The way to solve the problem is to let Python know what encoding is used in the file, for Chinese, the common encoding can be used UTF-8,GBK and gb2312, etc. Just add the following at the front of the code file:

#-*-Coding:utf-8-*-

This is to tell Python that the text in this file is encoded with utf-8 so that Python interprets the characters in the Utf-8 encoding and converts it into Unicode encoding for internal processing.

However, if you run this code under the Windows console, the program is executed, but the print on the screen is not a word. This is due to inconsistencies between the Python code and the console encoding. The encoding used in the console under Windows

Is GBK, and the Utf-8,python used in the code will naturally be inconsistent without printing the correct kanji by utf-8 encoding to the GBK encoded console.

Solution one is to change the source code to GBK, that is, the first line of code is changed to:

#-*-CODING:GBK-*-

Another way is to keep the source file Utf-8 unchanged, but in the ' ha ' before adding a U word, that is:

S1=u ' Ha '
Print S1

This will print out the word ' ha ' correctly.

The u here means that the string followed is stored in Unicode format. Python will identify the kanji ' ha ' in the code according to the Utf-8 encoding, which is the first line of code, and then convert it to a Unicode object. If we look at the data class of ' ha ' with type

Type type (' Ha '), will get <type ' str ', while type (U ' ha '), you will get <type ' Unicode ', that is, before the character plus u to indicate that this is a Unicode object, This word will exist in memory in Unicode format, and if you do not add u

, which indicates that this is just a string using some encoding, the encoding format depends on Python's identification of the source code file encoding, here is utf-8.

Python automatically converts the Unicode objects from the output environment to the console, but if the output is not a Unicode object but an ordinary string, the output string is directly encoded in the string, resulting in the present

Like.

With Unicode objects, you can use the encode and decode methods of Unicode classes and strings in addition to using the U tag.

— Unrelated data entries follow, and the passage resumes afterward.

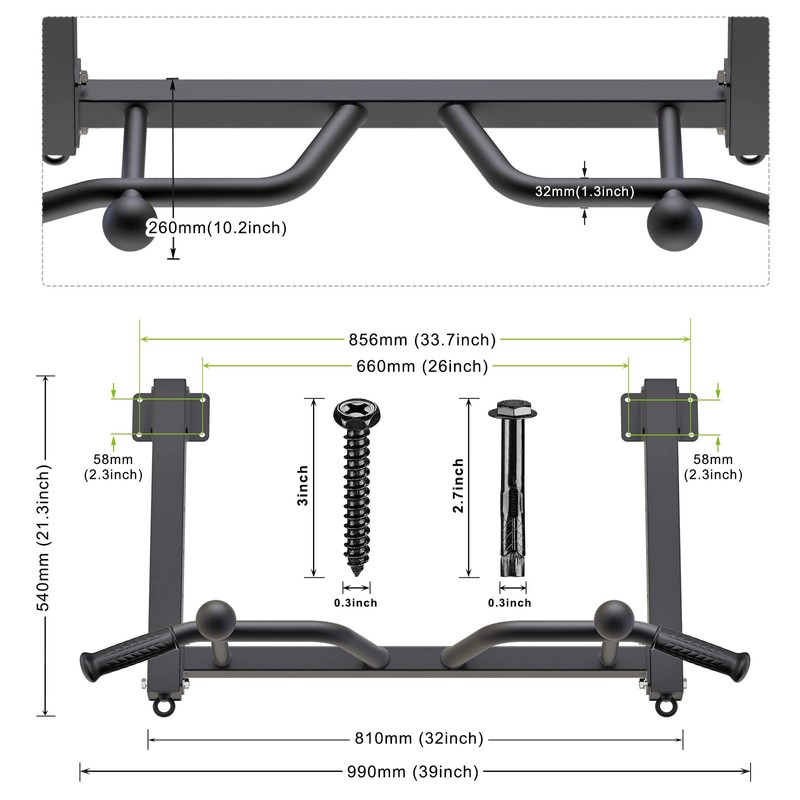• HEAVY DUTY CHIN UP BAR: The joist mounted pull up bar is made of heavy steel pipes, with black electrophoretic coatings, excellent durability, ruggedness and corrosion resistance. Max load-bearing 400lbs.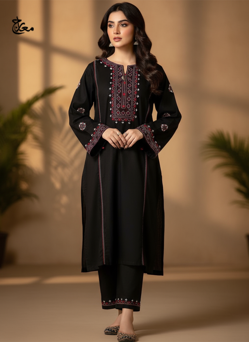 The SINDHI EMB LONG LENGTH is a graceful nod to heritage styling. Crafted from premium lilen embroidery fabric, this two-piece set includes: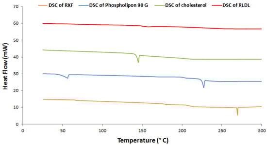 Differential scanning calorimetry (DSC-60F3, NETZSCH-Geratebau GmbH, Maia, Germany) was used to examine the thermal analysis of the RXF, phospholipid, cholesterol, and RLDL [22]. Samples (3–5 mg) were accurately weighed into 50 µL DSC aluminium pans with a thickness of 0.1 mm. DSC thermograms were done at a heating rate of 5 °C/min and a nitrogen gas flow rate of 25 mL/min. After heating the samples to 300 °C, they were quickly cooled to 25 °C.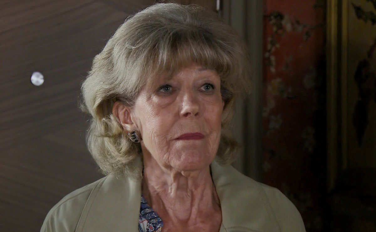 “Although she is angry with Stephen herself she has no idea why Peter is attacking him,” Sue Nicholls reveals. “If she hadn’t got there I am sure Peter would have killed him.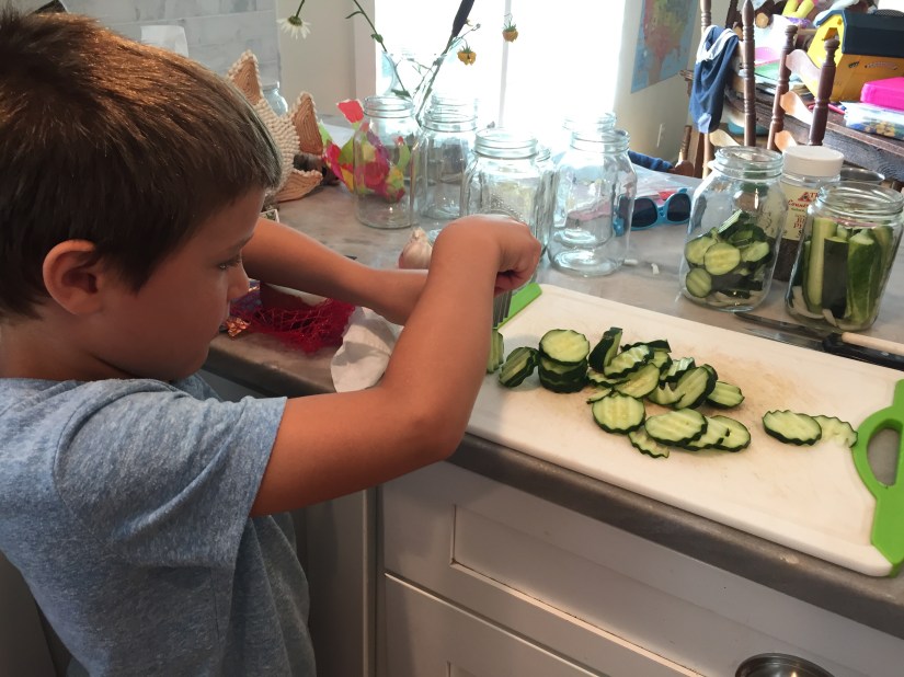 This pickling project was spearheaded by Leo. He loves pickles and was so excited by our surplus stock of cucumbers coming out of the garden that he requested we give pickle making a try. I’ve never made pickles before aside from what I call my lazy way of adding cucumbers to the pickle brine of empty pickle jars we bought from the store. It’s worked in the past, especially since we never really had a lot of cucumbers left over to jar. The ‘Homemade Refrigerator Pickle’ recipe we followed from A Spicy Perspectivehttps://www.aspicyperspective.com/best-homemade-refrigerator-pickles/ was easy, simple and the pickles taste great!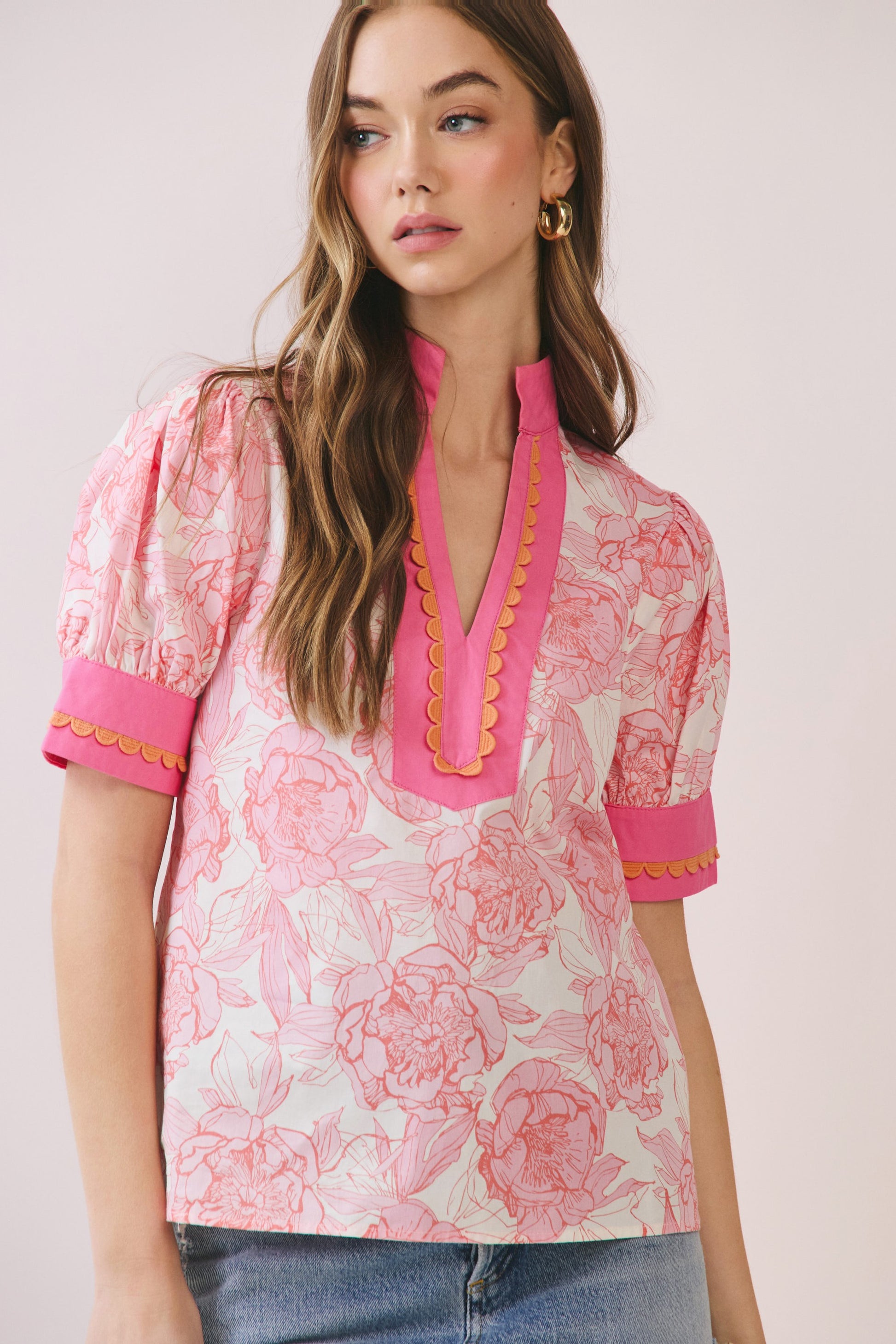 Brighten your wardrobe with this charming floral-print woven top. The split neckline is beautifully accented with delicate scalloped trim, while short puff sleeves add a playful touch. Contrast cuff detailing and subtle scalloped edges throughout create a polished, feminine look. Perfect for casual outings or dressing up with your favorite bottoms.
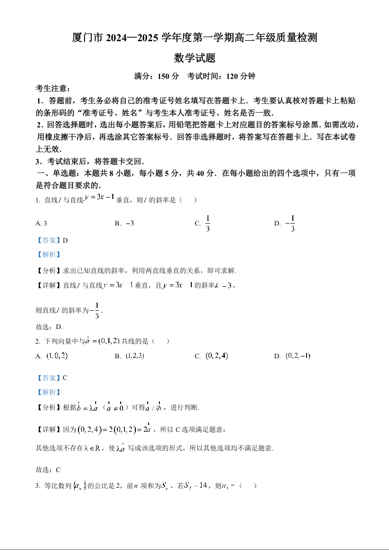 福建省厦门市2024-2025学年上学期1月高二期末考试数学(解析版)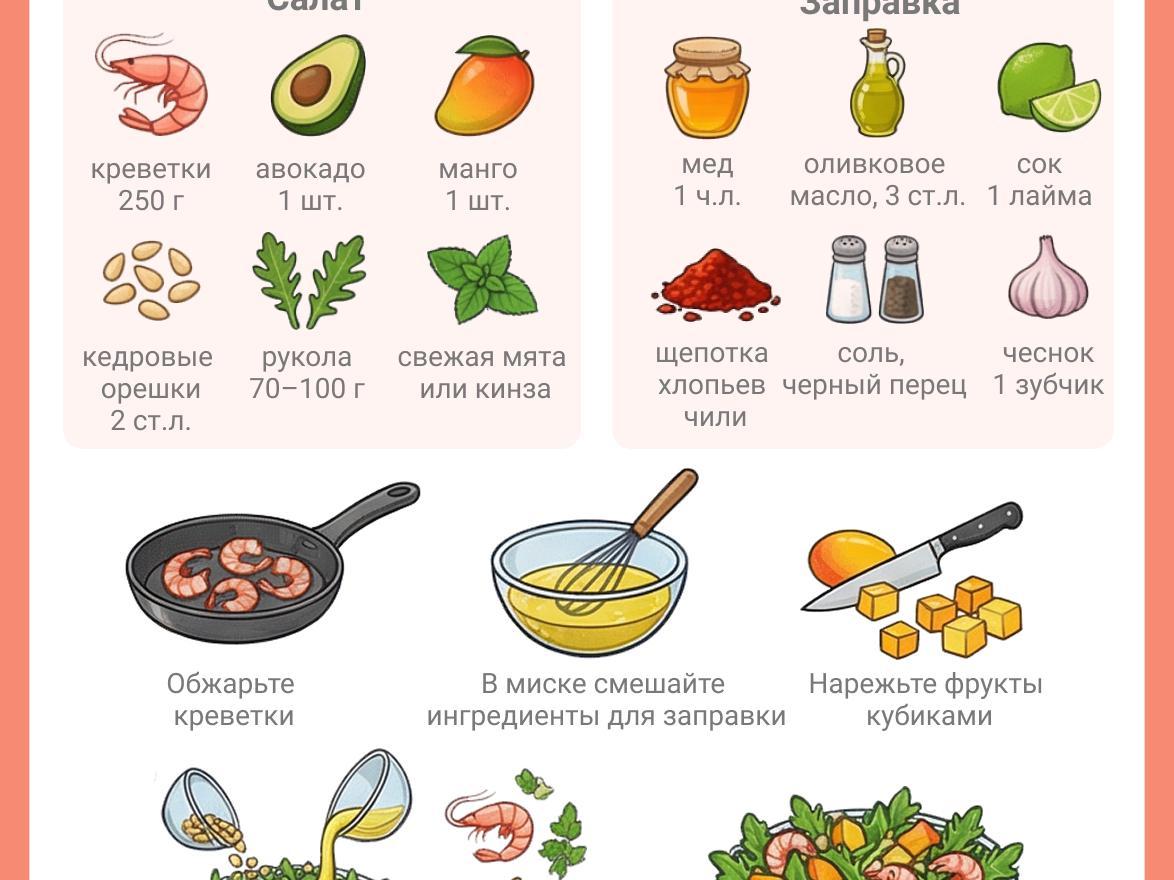 Looking for a recipe that will impress guests, adorn a holiday table, or become the highlight of a healthy lunch? This shrimp salad is the true embodiment of summer on a plate. It combines juicy tiger shrimp, creamy avocado, sweet mango slices, and the crunch of pine nuts. A lime-honey dressing with a pinch of chili ties all the ingredients together in perfect flavor harmony. Quick, elegant, and incredibly delicious — ready to start cooking?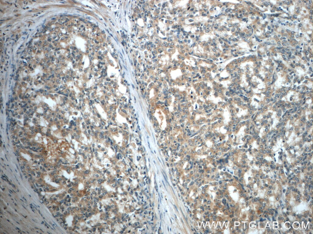- Immunohistochemistry of paraffin-embedded human prostate cancer slide using 18087-1-AP ( MMP26 Antibody) at dilution of 1:50.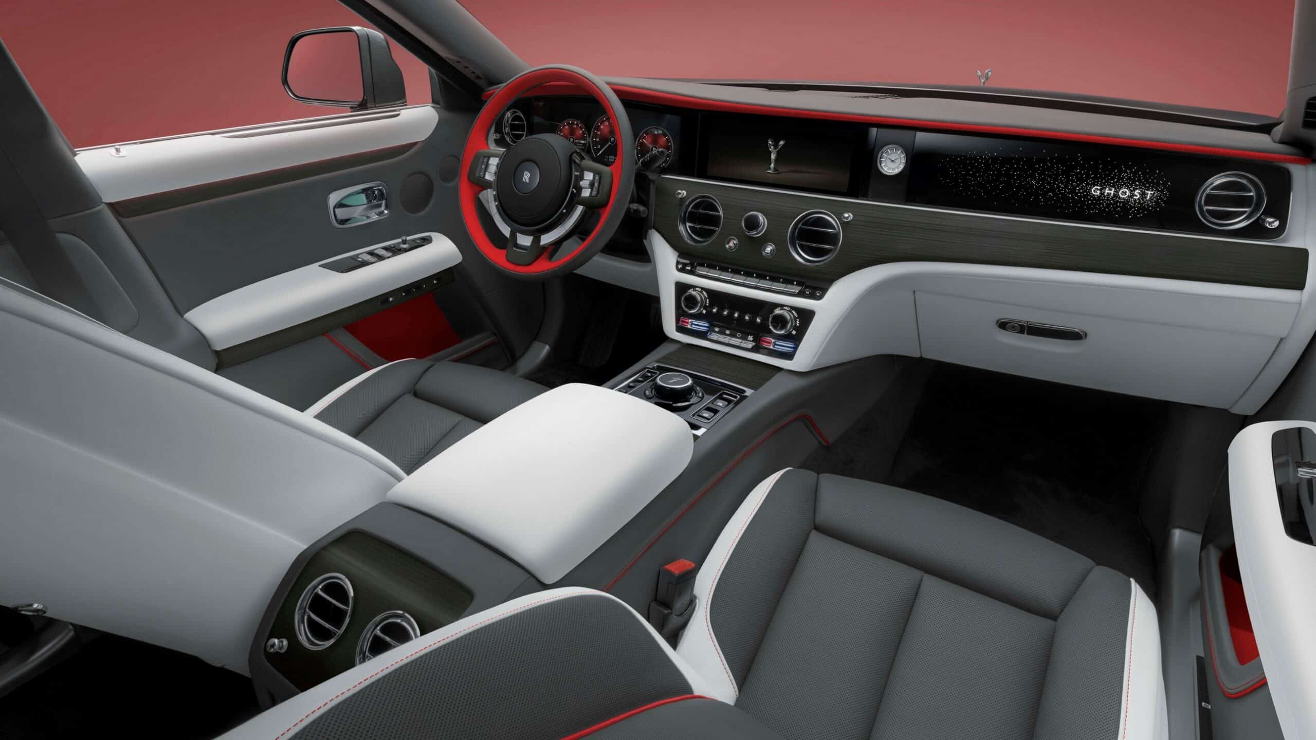 These contrasting details are noticeable on the coachline, brake calipers, and on the lower bumper inserts. As opposed to a regular Ghost with a stainless-steel mirror-polished grille, the Prism has a more subdued look with a smoked black/gray shade called “Burnout.”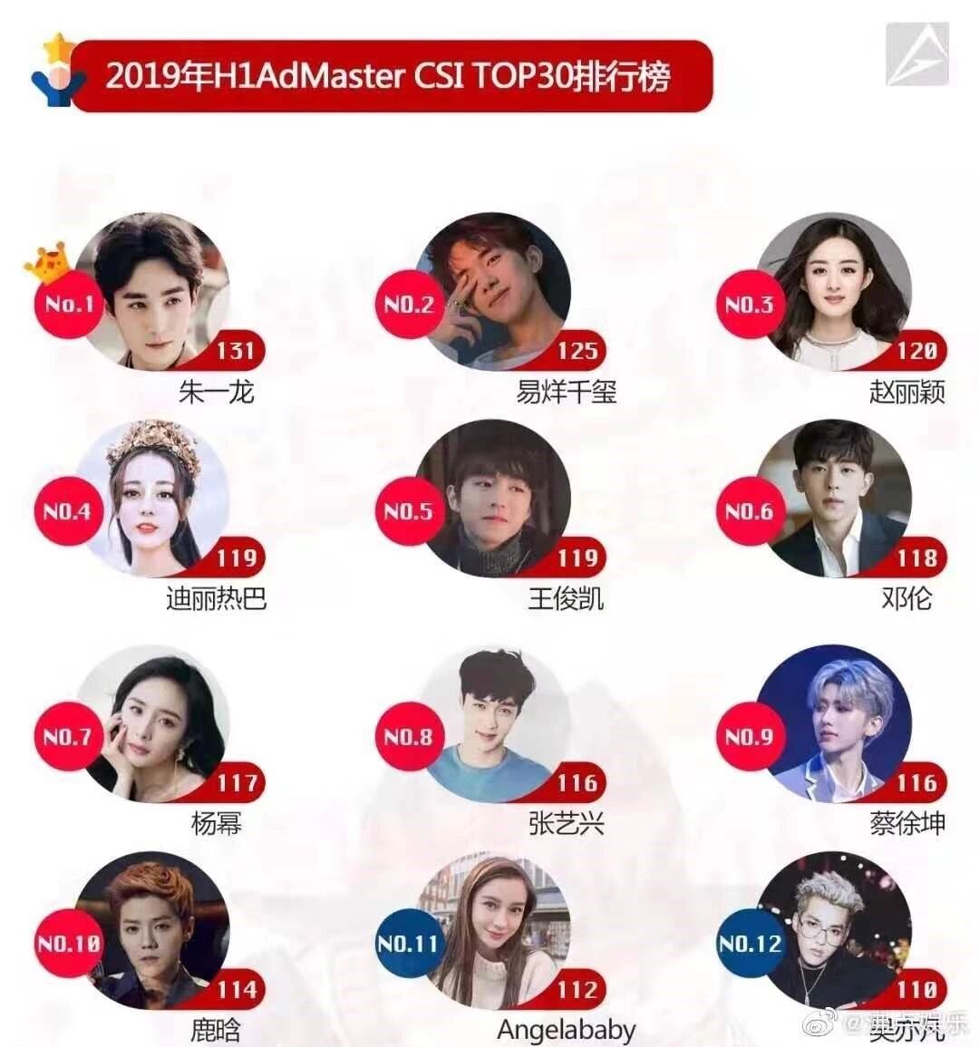明星在H1AdMaster CSI上面的排名,成为了各大品牌选择代言人的标准之一。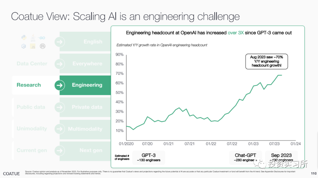 3.AI 的 Scaling 将是一个工程挑战(OpenAI 的工程人员自 GPT-3 后增加了 3 倍)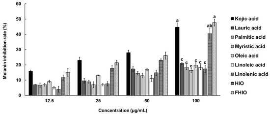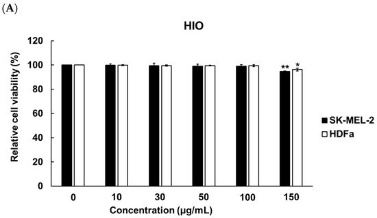 4.4. Analysis of the Skin-Whitening Effects of HIO and FHIO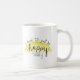 ¡Comience la su derecha del día libre con un recordatorio amistoso de ser feliz! Esta taza ofrece una salida del sol dibujada mano con las palabras, "yo piensa que apenas seré hoy feliz" puesto letras alrededor de ella.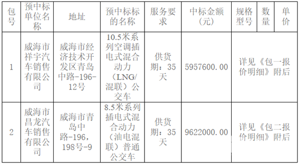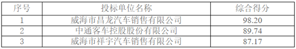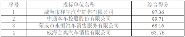 山东省威海市文登区公交车辆采购项目中标公告
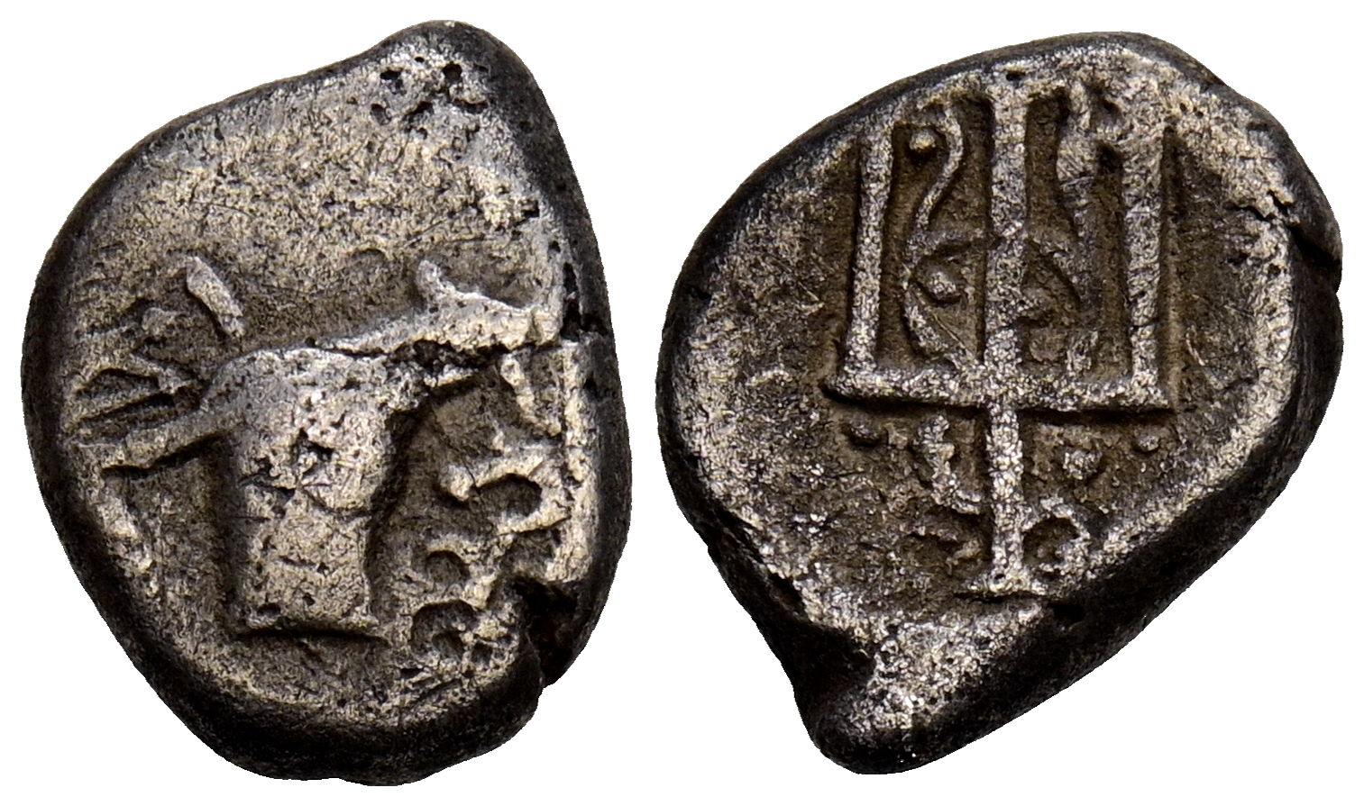 TRACIA, Bizancio. Hemidracma. (Ar. 1,63g/12mm). 387-340 a.C. (HGC 3.2, 1388). Anv: Parte delantera de vaca a izquierda, debajo delfín, encima de dos letras griegas. Rev: Tridente. MBC-.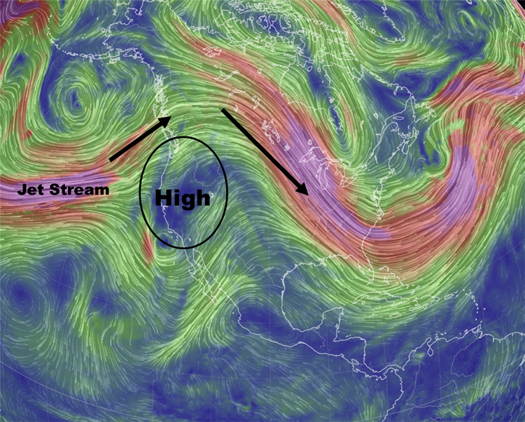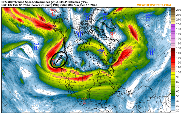 This has been a trend all season, long periods of dry weather and warm temperatures followed by moderate to intense periods of precipitation. We're at the end of the first week of February and as I stated earlier we haven't see any precipitation for almost a month. The culprit in all of this has been a persistent area of High Pressure that has dominated the eastern Pacific this winter. Not only has it brought the west dry, mild weather, it has also been responsible for the frigid winter in the Mid-West and East Coast. At times the Jet Stream was so amplified it reached into the Arctic before dropping rapidly into the eastern US. Below is a snapshot of the current position of the High Pressure Ridge and Jet Stream at 500 mb.

The constructor of a Unicode class takes a string argument and an encoding parameter, encapsulates the string as a Unicode, for example, because we use UTF-8 encoding, the encoding parameter in Unicode uses ' utf-8′ to encapsulate the character as

Unicode object, and then correctly output to the console:

S1=unicode (' Ha ', ' utf-8′ ')
Print S1

In addition, a normal string can be converted to a Unicode object using the Decode function. Many people do not understand what the decode and encode functions of a python string mean. Here is a brief description.

Decode is to parse the normal string according to the encoding format in the parameter, and then generate the corresponding Unicode object, for example, here our code is using Utf-8, then converting a string to Unicode is the following form:

S2= ' Ha '. Decode (' utf-8′)

At this point, S2 is a Unicode object that stores the word ' ha ', in fact it is the same as Unicode (' Ha ', ' utf-8′ ') and U ' ha '.

Then encode is just the opposite function, is to convert a Unicode object into an encoded format in the parameters of ordinary characters, such as the following code:

S3=unicode (' Ha ', ' utf-8′ '). Encode (' utf-8′)

S3 now returned to Utf-8 's ' ha '.


Python Chinese coding problem

Related Article

Contact Us

The content source of this page is from Internet, which doesn't represent Alibaba Cloud's opinion; products and services mentioned on that page don't have any relationship with Alibaba Cloud. If the content of the page makes you feel confusing, please write us an email, we will handle the problem within 5 days after receiving your email.

If you find any instances of plagiarism from the community, please send an email to: info-contact@alibabacloud.com and provide relevant evidence. A staff member will contact you within 5 working days.

A Free Trial That Lets You Build Big!

Start building with 50+ products and up to 12 months usage for Elastic Compute Service

  • Sales Support

    1 on 1 presale consultation

  • After-Sales Support

    24/7 Technical Support 6 Free Tickets per Quarter Faster Response

  • Alibaba Cloud offers highly flexible support services tailored to meet your exact needs.